I am running a few tests on the storage formats available with Hive and using Parquet and ORC as major options. I included ORC once with default compression and once with Snappy.
I have read many a documents that state Parquet to be better in time/space complexity as compared to ORC but my tests are opposite to the documents I went through.
Follows some details of my data.
Table A- Text File Format- 2.5GB
Table B - ORC - 652MB
Table C - ORC with Snappy - 802MB
Table D - Parquet - 1.9 GB
Parquet was worst as far as compression for my table is concerned.
My tests with the above tables yielded following results.
Row count operation
Text Format Cumulative CPU - 123.33 sec
Parquet Format Cumulative CPU - 204.92 sec
ORC Format Cumulative CPU - 119.99 sec
ORC with SNAPPY Cumulative CPU - 107.05 sec
Sum of a column operation
Text Format Cumulative CPU - 127.85 sec
Parquet Format Cumulative CPU - 255.2 sec
ORC Format Cumulative CPU - 120.48 sec
ORC with SNAPPY Cumulative CPU - 98.27 sec
Average of a column operation
Text Format Cumulative CPU - 128.79 sec
Parquet Format Cumulative CPU - 211.73 sec
ORC Format Cumulative CPU - 165.5 sec
ORC with SNAPPY Cumulative CPU - 135.45 sec
Selecting 4 columns from a given range using where clause
Text Format Cumulative CPU - 72.48 sec
Parquet Format Cumulative CPU - 136.4 sec
ORC Format Cumulative CPU - 96.63 sec
ORC with SNAPPY Cumulative CPU - 82.05 sec
Does that mean ORC is faster then Parquet? Or there is something that I can do to make it work better with query response time and compression ratio?
Thanks!
I would say, that both of these formats have their own advantages.
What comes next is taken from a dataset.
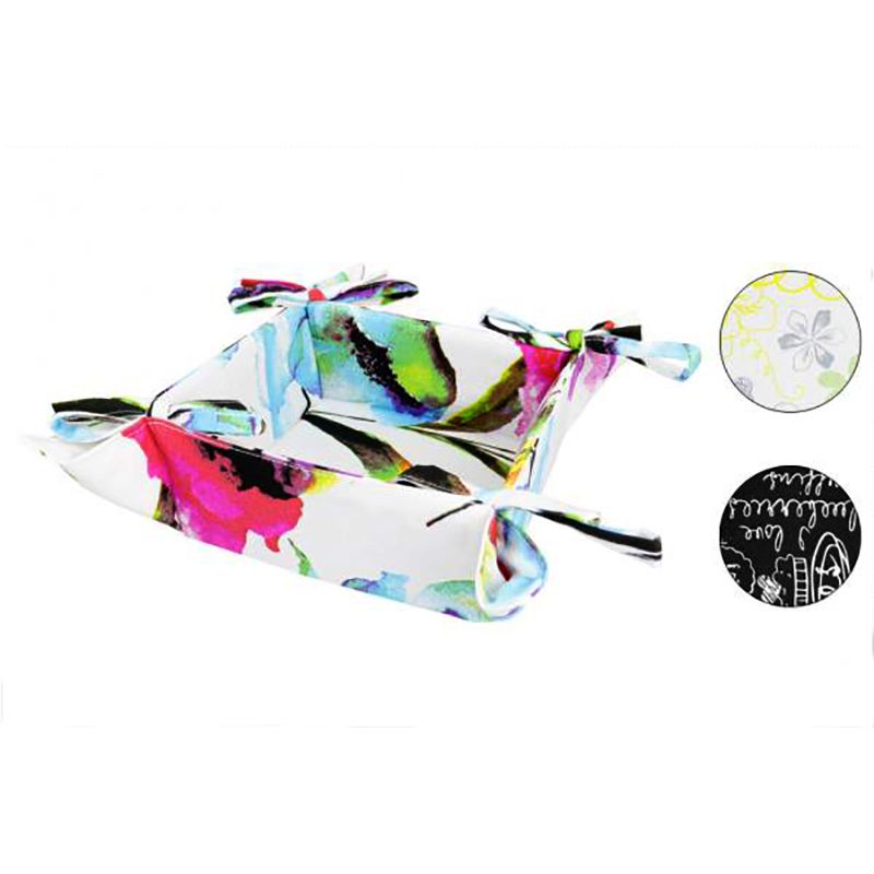 Košík na pečivo je vyrobený zo vzorovanej textílie. V domácnosti má bohaté využitie. Využijete ho na pečivo, ovocie, orechy, sladkosti, veľkonočné vajíčka a iné rôzne drobnosti. Na rohoch je uchytený z ozdobných šnúrok.

Parquet might be better if you have highly nested data, because it stores its elements as a tree like Google Dremel does (See here).
Apache ORC might be better if your file-structure is flattened.
And as far as I know parquet does not support Indexes yet. ORC comes with a light weight Index and since Hive 0.14 an additional Bloom Filter which might be helpful the better query response time especially when it comes to sum operations.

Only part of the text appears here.